You can speed all of this up by:

  • Using faster processors.
  • Using faster system disk(s).
  • Using a different location for the thumbnails/html/xml/atoc/otoc.
  • Using a faster archiving system. (NAS, SAN, whatever)
  • Using backburner to do these tasks in the background.
  • Assigning all archiving tasks to a robot that works while you sleep. (cron)

Not sure how much of an impact these have. We used to do this at the mill but still got hideously slow archives.

I’m with you on automated background archiving. However I’m still keen to speed up the archiving because the worst thing in the world would be to come back in the morning to a flame still trying to archive. Which I have experienced.

also, if you choose to include Project Setups, they do the most in-effecient way, I believe it is basically a tar with no compression, so you end up embedding a giant TAR file inside the Flame File Archive. And it can’t split that TAR file, so your segment size needs to be bigger than that TAR, and you have no idea how big the TAR will end up being, so you basically should just make your segment size 25gigs minimum. And then if you goto update that Archive it needs to embed a whole new setups TAR, so the segment size needs to accomodate that too. Its all a shit archiac legacy system.

I hear you and agree @ALan

@johnt - writing tens of thousands of files to your system disk absolutely has an impact.

untar-ing and tar-ing tens of thousands of files absolutely has an impact.

processing unique IDs for files and the associated markup language for tens of thousands of files absolutely has an impact.

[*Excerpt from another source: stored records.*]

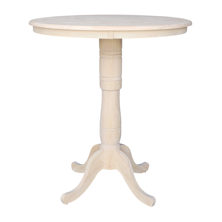• HomeStock Bohemian Bliss 36-In Round Pedestal Bar Table - Solid Parawood, 40.9-In Height for Bar Stools, Butcher Block Top, Pedestal Base for Maximum Support, Assembly Required image - 1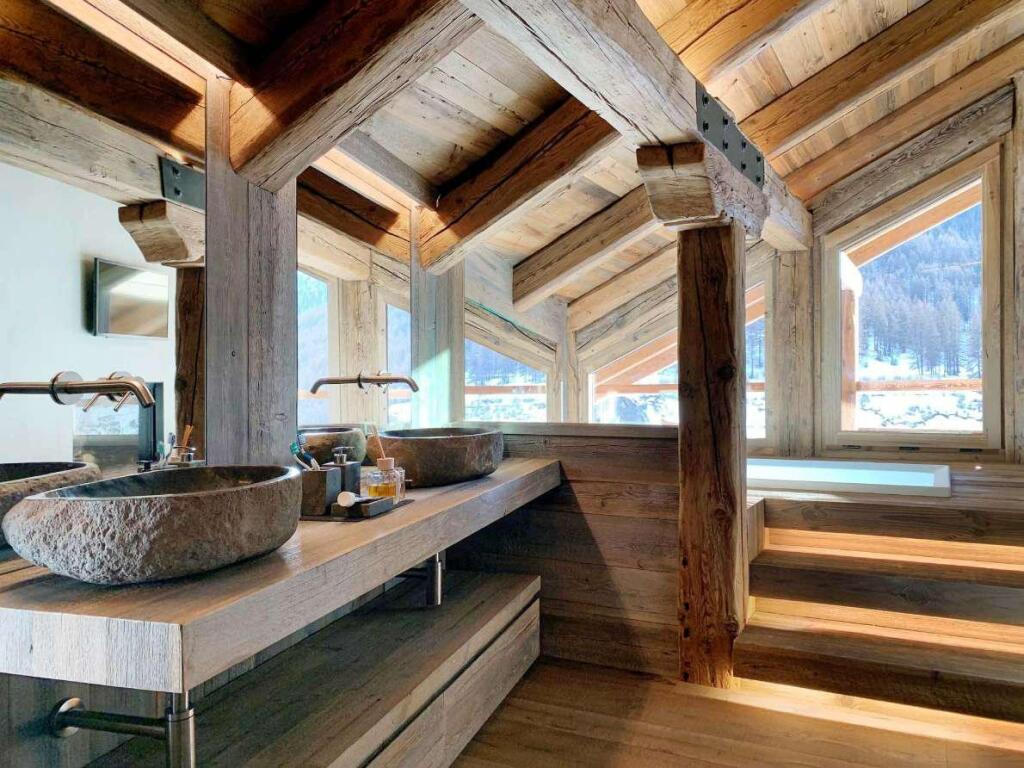 This luxury alpine home is characterized by floor to ceiling windows allowing to maximise the sunlight and fireplace in the living room; access to a large panoramic terrace suitable for outdoor dining, spacious kitchen, 5 bedrooms each with on-suite bathrooms, space for a home office, hobby room, vine cellar, private spa, ski storage. Private garage with lift access to all floors in the chalet.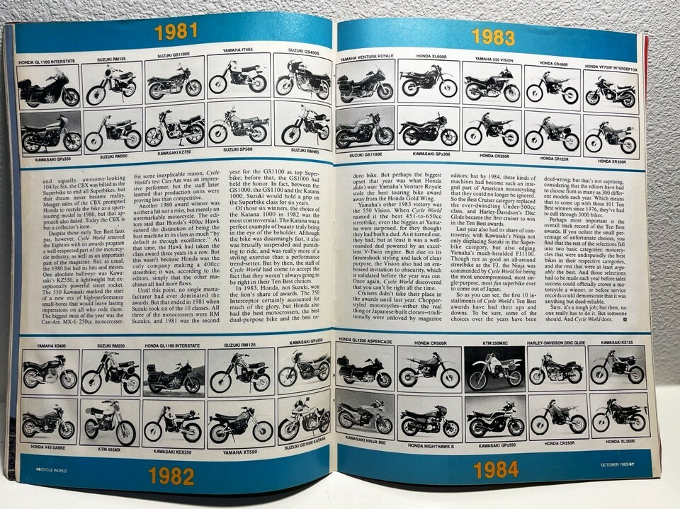 Cycle World Oct 1985 Annual 10 Best Bikes of the Year Awards Motorcycles 400WRX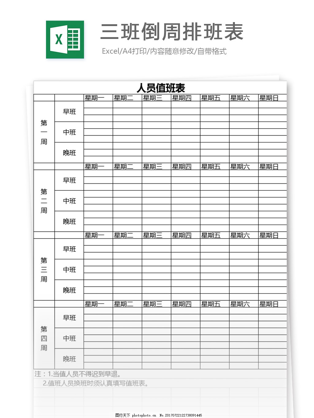 工厂早中晚三班倒员工排版表Excelexcel表格模板下载-我图网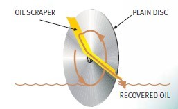 轉(zhuǎn)盤盤片:盤邊緣帶擋邊的T型盤,特別適合于回收較低粘度的溢油;親油疏水的光滑圓邊圓盤,適合回收中、低粘度的溢油。

many of these files are negligibly small so reading and writing them is demonstrably impeded or accelerated depending on the block size of your storage.

writing tens of thousands of files over a network to a non-optimal file store can be catastrophically slow.

which brings us all back round to tar-ing the files into one monolithic file, thereby only taking out one workstation, then moving that massive chunk to the file-store over the network.

Yes. I think I understand. So we need a different solution and I feel that might be coming based on aspects of the 2026 release.

@johnt - you may be right - postgres may go some way to climbing a different mountain.

Aren’t project setups just ascii files? Granted my projects are small, but my setups rarely top 300 mb on a 5tb archive. The only time I’ve seen project setups go through the roof was when people would save media to the images folder.